1

I have at disposal a clean dataframe (1500r x 297c, named 'Data' - very inspiring) with both numeric/factor columns. However, as this is often the case, my factors were encoded as numbers (each number representing a level) hence a dataframe full a numeric vectors. To overcome this matter I also have a second dataframe (VarLabels), containing information about the columns of the 1st dataframe (which has... 297 rows as you would imagine). In there, one specific column helps me defining what should be the data class in the main dataframe (named VarLabels$TypeVar).

I wrote the following piece of code, which might not be optimal but proved to work so far:

(NB: as you can see, for data labelled 'MIX' I wish to create a copy to have one numeric and one factor)

nbcol <- ncol(Data)
indexcol <- which(colnames(VarLabels) == "TypeVar")
for(i in 1:nbcol){
  if (colnames(Data)[[i]] %in% VarLabels$VarName){

    if (VarLabels[i,indexcol] == "Quant"){ 
      Data[[i]] <- as.numeric(Data[[i]])

    } else if (VarLabels[i,indexcol] == "Qual") { 
      Data[[i]] <- as.character(Data[[i]])
      Data[[i]] <- as.factor(Data[[i]])

    } else if (VarLabels[i,indexcol] == "Mix") { 
      Data <- cbind(Data, Data[[i]])
      Data[[i]] <- as.character(Data[[i]])
      Data[[i]] <- as.factor(Data[[i]])
      Data[[ncol(Data)]] <- as.numeric(Data[[ncol(Data)]])
      colnames(Data)[[ncol(Data)]] <- paste(colnames(Data)[[i]], "Num", sep = "_")

    } else {
      Data[[i]] <- as.numeric(Data[[i]])
    }
  } else {
  }  
}

Do you have a neater solution, possibly using a function to reduce the number of code lines / using names instead of column index? (which may be risky if order changes in one of the two dataframes) I recently got into R and am still struggling with user-defined functions.

I read other related topics like:

Change all columns from factor to numeric in R

Function to change class of columns in R to match the class of an other dataset

Convert type of multiple columns of a dataframe at once

How do I get the classes of all columns in a data frame?

but could not apply the answers to my own problem.
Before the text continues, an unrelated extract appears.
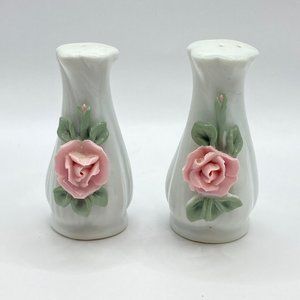 Mini White Porcelain Rose Leaf Salt and Pepper Shaker Set Pink Applied Floral 3"

Any idea how to make things simple? (if possible!)

zx8754
  • 52,746
  • 12
  • 114
  • 209
Maxence Dum.
  • 121
  • 1
  • 9
  • 1
    How did you get to the "clean data"? We can set the column classes when importing. See `?read.table`, *colClasses* argument. – zx8754 Mar 19 '20 at 08:40
  • Thank you for your comment! Used the readr package and read_cvs2 function. It does the job well (at least as far as I know) since factor were encoded with numbers, no way for the software to find out it actually was a factor! Your suggestion would imply defining what columns are factors from the very start? – Maxence Dum. Mar 19 '20 at 09:46

1 Answers1

2

The following function does what the question asks for.
It matches input data set X column names with the new column types with a sequence of which/match statements, without needing loops. The coercion is performed with lapply loops.
The test data set is the built-in data set mtcars.
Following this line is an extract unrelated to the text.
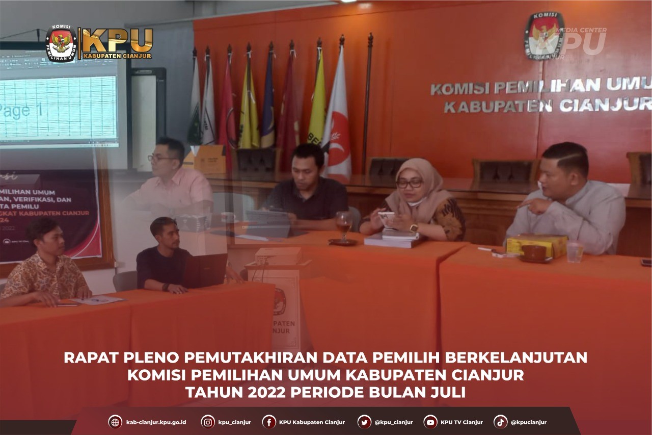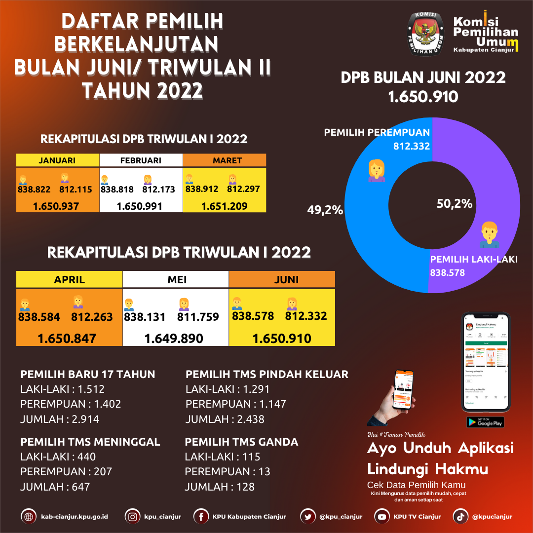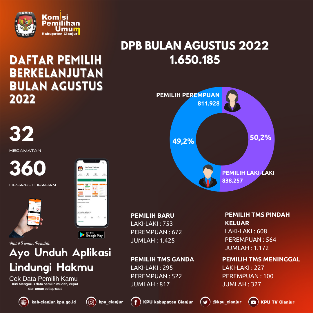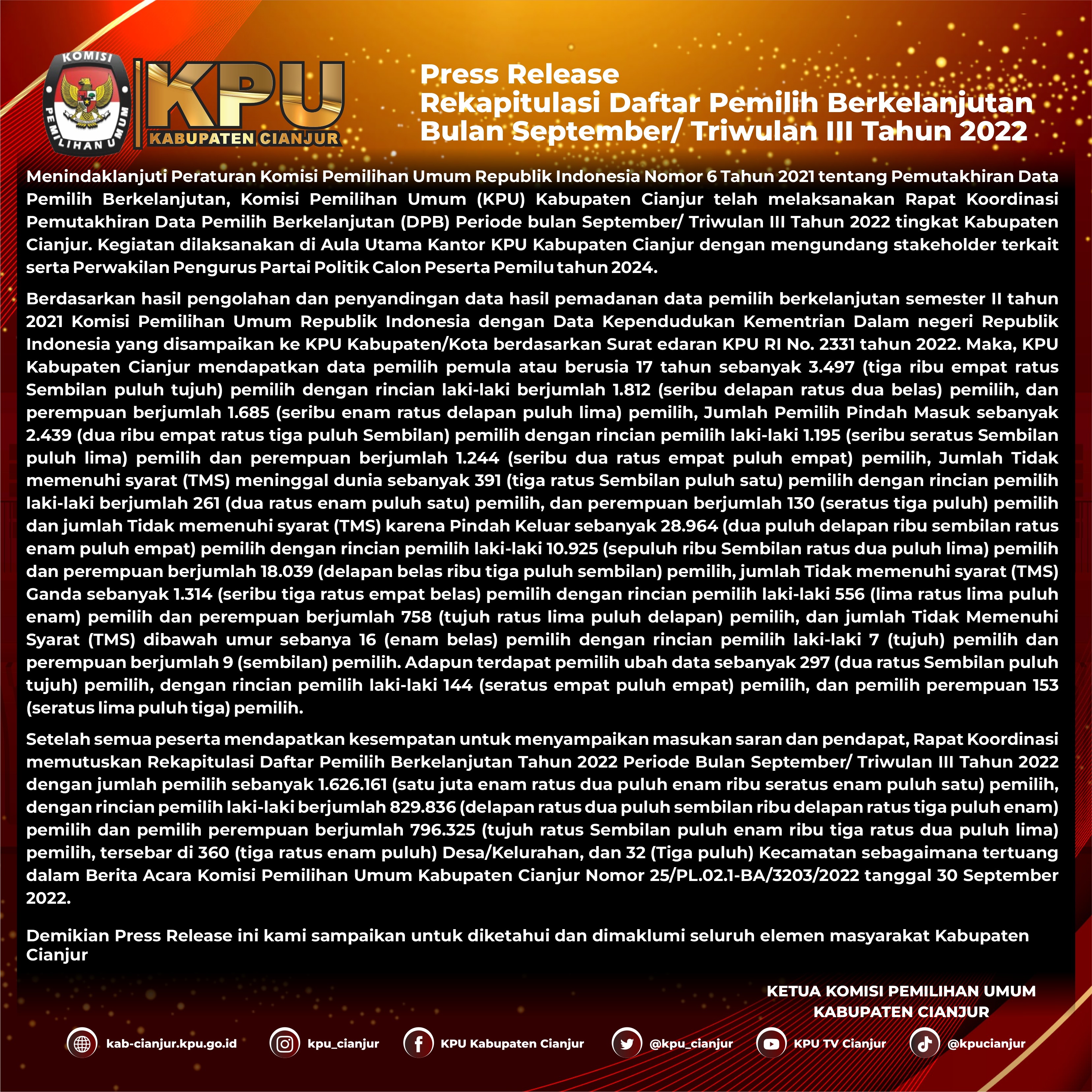 PRESS RELEASE TENTANG REKAPITULASI DAN PENGUMUMAN DAFTAR PEMILIH BERKELANJUTAN PERIODE BULAN SEPTEMBER/ TRIWULAN III TAHUN 2022 Jumat, 30 September 2022 - Menindaklanjuti Peraturan Komisi Pemilihan Umum Republik Indonesia Nomor 6 Tahun 2021 tentang Pemutakhiran Data Pemilih Berkelanjutan, Komisi Pemilihan Umum (KPU) Kabupaten Cianjur telah melaksanakan Rapat Koordinasi Pemutakhiran Data Pemilih Berkelanjutan (DPB) Periode bulan September/ Triwulan III Tahun 2022 tingkat Kabupaten Cianjur. Kegiatan dilaksanakan di Aula Utama Kantor KPU Kabupaten Cianjur dengan mengundang stakeholder terkait serta Perwakilan Pengurus Partai Politik Calon Peserta Pemilu tahun 2024. Berdasarkan hasil pengolahan dan penyandingan data hasil pemadanan data pemilih berkelanjutan semester II tahun 2021 Komisi Pemilihan Umum Republik Indonesia dengan Data Kependudukan Kementrian Dalam negeri Republik Indonesia yang disampaikan ke KPU Kabupaten/Kota berdasarkan Surat edaran KPU RI No. 2331 tahun 2022. Maka, KPU Kabupaten Cianjur mendapatkan data pemilih pemula atau berusia 17 tahun sebanyak 3.497 (tiga ribu empat ratus Sembilan puluh tujuh) pemilih dengan rincian laki-laki berjumlah 1.812 (seribu delapan ratus dua belas) pemilih, dan perempuan berjumlah 1.685 (seribu enam ratus delapan puluh lima) pemilih, Jumlah Pemilih Pindah Masuk sebanyak 2.439 (dua ribu empat ratus tiga puluh Sembilan) pemilih dengan rincian pemilih laki-laki 1.195 (seribu seratus Sembilan puluh lima) pemilih dan perempuan berjumlah 1.244 (seribu dua ratus empat puluh empat) pemilih, Jumlah Tidak memenuhi syarat (TMS) meninggal dunia sebanyak 391 (tiga ratus Sembilan puluh satu) pemilih dengan rincian pemilih laki-laki berjumlah 261 (dua ratus enam puluh satu) pemilih, dan perempuan berjumlah 130 (seratus tiga puluh) pemilih dan jumlah Tidak memenuhi syarat (TMS) karena Pindah Keluar sebanyak 28.964 (dua puluh delapan ribu sembilan ratus enam puluh empat) pemilih dengan rincian pemilih laki-laki 10.925 (sepuluh ribu Sembilan ratus dua puluh lima) pemilih dan perempuan berjumlah 18.039 (delapan belas ribu tiga puluh sembilan) pemilih, jumlah Tidak memenuhi syarat (TMS) Ganda sebanyak 1.314 (seribu tiga ratus empat belas) pemilih dengan rincian pemilih laki-laki 556 (lima ratus lima puluh enam) pemilih dan perempuan berjumlah 758 (tujuh ratus lima puluh delapan) pemilih, dan jumlah Tidak Memenuhi Syarat (TMS) dibawah umur sebanya 16 (enam belas) pemilih dengan rincian pemilih laki-laki 7 (tujuh) pemilih dan perempuan berjumlah 9 (sembilan) pemilih. Adapun terdapat pemilih ubah data sebanyak 297 (dua ratus Sembilan puluh tujuh) pemilih, dengan rincian pemilih laki-laki 144 (seratus empat puluh empat) pemilih, dan pemilih perempuan 153 (seratus lima puluh tiga) pemilih. Setelah semua peserta mendapatkan kesempatan untuk menyampaikan masukan saran dan pendapat, Rapat Koordinasi memutuskan Rekapitulasi Daftar Pemilih Berkelanjutan Tahun 2022 Periode Bulan September/ Triwulan III Tahun 2022 dengan jumlah pemilih sebanyak 1.626.161 (satu juta enam ratus dua puluh enam ribu seratus enam puluh satu) pemilih, dengan rincian pemilih laki-laki berjumlah 829.836 (delapan ratus dua puluh sembilan ribu delapan ratus tiga puluh enam) pemilih dan pemilih perempuan berjumlah 796.325 (tujuh ratus Sembilan puluh enam ribu tiga ratus dua puluh lima) pemilih, tersebar di 360 (tiga ratus enam puluh) Desa/Kelurahan, dan 32 (Tiga puluh) Kecamatan sebagaimana tertuang dalam Berita Acara Komisi Pemilihan Umum Kabupaten Cianjur Nomor 25/PL.02.1-BA/3203/2022 tanggal 30 September 2022. Demikian Press Release ini kami sampaikan untuk diketahui dan dimaklumi seluruh elemen masyarakat Kabupaten Cianjur KOMISI PEMILIHAN UMUM KABUPATEN CIANJUR, Ttd SELLY NURDINAH

coerceCols <- function(X, VarLabels){
  i <- which(VarLabels$TypeVar == "Qual")
  j <- match(VarLabels$VarName[i], names(X))
  X[j] <- lapply(X[j], factor)

  i <- which(VarLabels$TypeVar == "Mix")
  j <- match(VarLabels$VarName[i], names(X))
  tmp <- X[j]
  names(tmp) <- paste(names(tmp), "Num", sep = "_")
  X[j] <- lapply(X[j], factor)

  cbind(X, tmp)
}

Data <- mtcars
VarLabels <- data.frame(VarName = names(mtcars),
                        TypeVar = c("Quant", "Mix", "Quant",
                                    "Quant", "Quant", "Quant",
                                    "Quant", "Qual", "Qual", 
                                    "Mix", "Mix"),
                        stringsAsFactors = FALSE)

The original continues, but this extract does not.